* _AVAILABLE RECORDS_
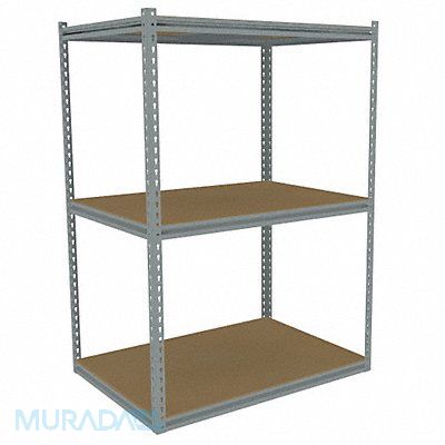 Boltless Shelving Medium Profile Overall Depth 30 in Overall Height 60 in Overall Width 42 in Shelf Gauge 14 ga Shelf Adjustment Increments 1 1/2 in Steel Particleboard Steel (4) Posts Includes Decking Yes 900 lb Whole Unit Load Capacity 2 700 lb Starter Open ANSI BIFMA CREL Post Gauge 14 ga Number of Shelves 3 Maximum Post Load Capacity 8 000 lb with Beams Evenly Spaced at 24 in Powder Coated Medium-Duty Sand
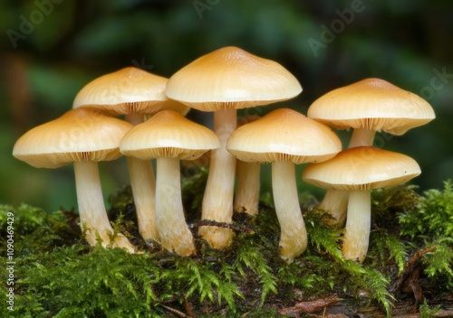 A cluster of small, golden mushrooms growing on a mossy surface in a natural setting.
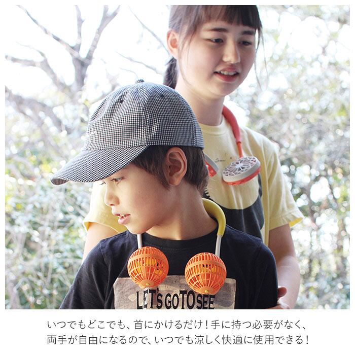・いつでもどこでも、首にかけるだけ!手に持つ必要がなく、両手が自由になるので、いつでも涼しく快適に使用できる!
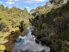 Dispossessed of their best land during settler colonisation, individual Aboriginal families sought land on which to live. 140 acres of land was set aside as a reserve for Aborigines, in 1879—north of Mongarlowe in the neighbouring Parish of Mongarlowe—in the name of an Aboriginal woman, Mary Ann Willoughby.[7][8] In 1885, a second reserve, of just under 9 acres, was set aside there, in the name of another Aboriginal woman, Margaret Bryant.[9] In 1893, these earlier reserves were revoked and a new reserve of 50 acres was set aside on the left bank of Currowan Creek, not far from its confluence with the Clyde River estuary, on the coastal side of the Budawang Range. That reserve, Currowan Creek Aboriginal Reserve, lasted until 1956.[10][11]
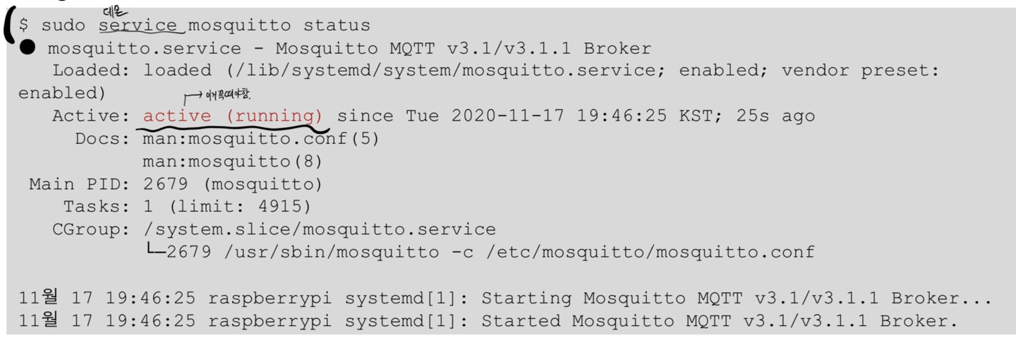 그럴 때, pip uninstall을 진행하여 Mosquitto를 제거하고 다시 install하니 active상태로 되었었다.

* _WHAT THIS TASK INVOLVES_
The whole listing is to be written out exactly; the pictures stay out of the copy.

* _RESULT OF THIS EXERCISE_
 Boltless Shelving Medium Profile Overall Depth 30 in Overall Height 60 in Overall Width 42 in Shelf Gauge 14 ga Shelf Adjustment Increments 1 1/2 in Steel Particleboard Steel (4) Posts Includes Decking Yes 900 lb Whole Unit Load Capacity 2 700 lb Starter Open ANSI BIFMA CREL Post Gauge 14 ga Number of Shelves 3 Maximum Post Load Capacity 8 000 lb with Beams Evenly Spaced at 24 in Powder Coated Medium-Duty Sand
 A cluster of small, golden mushrooms growing on a mossy surface in a natural setting.
・いつでもどこでも、首にかけるだけ!手に持つ必要がなく、両手が自由になるので、いつでも涼しく快適に使用できる!
 Dispossessed of their best land during settler colonisation, individual Aboriginal families sought land on which to live. 140 acres of land was set aside as a reserve for Aborigines, in 1879—north of Mongarlowe in the neighbouring Parish of Mongarlowe—in the name of an Aboriginal woman, Mary Ann Willoughby.[7][8] In 1885, a second reserve, of just under 9 acres, was set aside there, in the name of another Aboriginal woman, Margaret Bryant.[9] In 1893, these earlier reserves were revoked and a new reserve of 50 acres was set aside on the left bank of Currowan Creek, not far from its confluence with the Clyde River estuary, on the coastal side of the Budawang Range. That reserve, Currowan Creek Aboriginal Reserve, lasted until 1956.[10][11]
 그럴 때, pip uninstall을 진행하여 Mosquitto를 제거하고 다시 install하니 active상태로 되었었다.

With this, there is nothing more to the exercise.